=== Dataset extract ===
'''

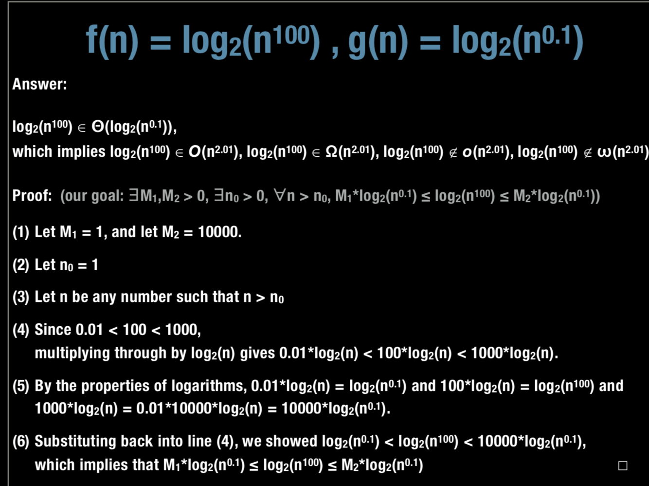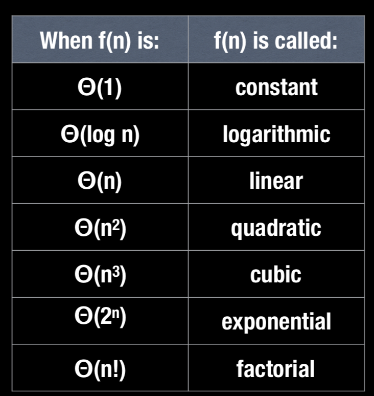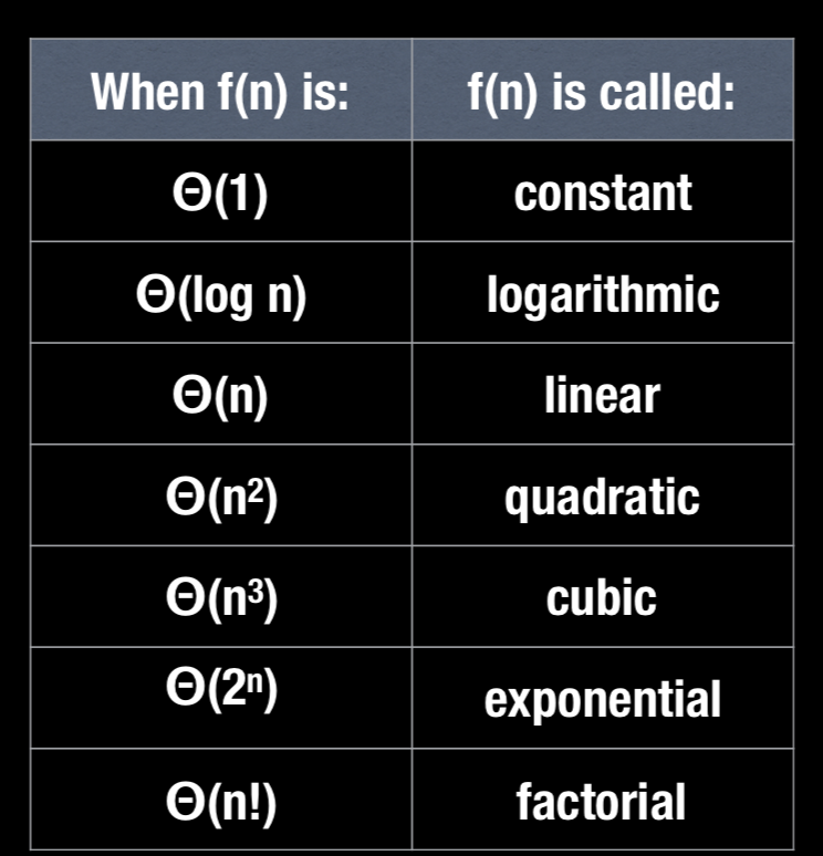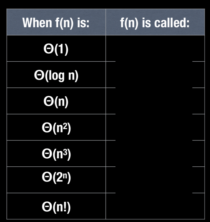 For each of the following, determine what asymptotic notation it is?
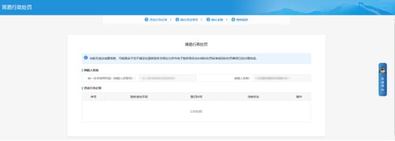 三、簡(jiǎn)易行政處罰菜單進(jìn)入點(diǎn)擊操作下面的受理按鈕查看違法行為記錄。確認(rèn)違法事實(shí)后填寫經(jīng)辦人姓名點(diǎn)擊右上角的確認(rèn)。
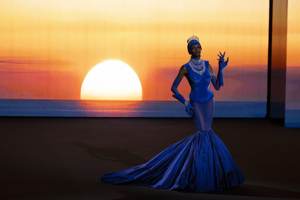 Rahul Mishra’s “Alchemy” drew inspiration from the five elements: earth, water, fire, air and ether, using nebula embroidery, metallic threads and three-dimensional beadwork to depict cosmic motion. Each garment was created as a wearable astronomical tapestry, a meditative luxury elevated through extreme craftsmanship.
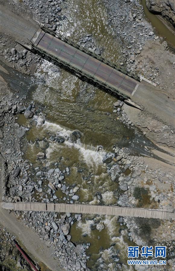 这是在新疆叶城县西合休乡7村附近拍摄的桥梁,图上方是新建的钢构大桥,图下方的简易吊桥曾经是村民出行的主要通道(5月2日摄,无人机照片)。 新疆叶城县西合休乡地处高山地带,平均海拔3500米以上。受限于恶劣的自然环境,当地农牧民曾长期面临着“行路难”的问题。近年来,随着脱贫攻坚的深入实施,新疆加大对偏远山村基础设施建设的投入,西合休乡百姓出行条件得以大幅改善。据介绍,西合休乡下辖的9个行政村目前均已实现通路。 新华社记者 胡虎虎 摄

'''

=== Problem to work on ===
The images are to be left out; every line above should be set down exactly.

=== Response ===
 For each of the following, determine what asymptotic notation it is?
 三、簡(jiǎn)易行政處罰菜單進(jìn)入點(diǎn)擊操作下面的受理按鈕查看違法行為記錄。確認(rèn)違法事實(shí)后填寫經(jīng)辦人姓名點(diǎn)擊右上角的確認(rèn)。
 Rahul Mishra’s “Alchemy” drew inspiration from the five elements: earth, water, fire, air and ether, using nebula embroidery, metallic threads and three-dimensional beadwork to depict cosmic motion. Each garment was created as a wearable astronomical tapestry, a meditative luxury elevated through extreme craftsmanship.
 这是在新疆叶城县西合休乡7村附近拍摄的桥梁,图上方是新建的钢构大桥,图下方的简易吊桥曾经是村民出行的主要通道(5月2日摄,无人机照片)。 新疆叶城县西合休乡地处高山地带,平均海拔3500米以上。受限于恶劣的自然环境,当地农牧民曾长期面临着“行路难”的问题。近年来,随着脱贫攻坚的深入实施,新疆加大对偏远山村基础设施建设的投入,西合休乡百姓出行条件得以大幅改善。据介绍,西合休乡下辖的9个行政村目前均已实现通路。 新华社记者 胡虎虎 摄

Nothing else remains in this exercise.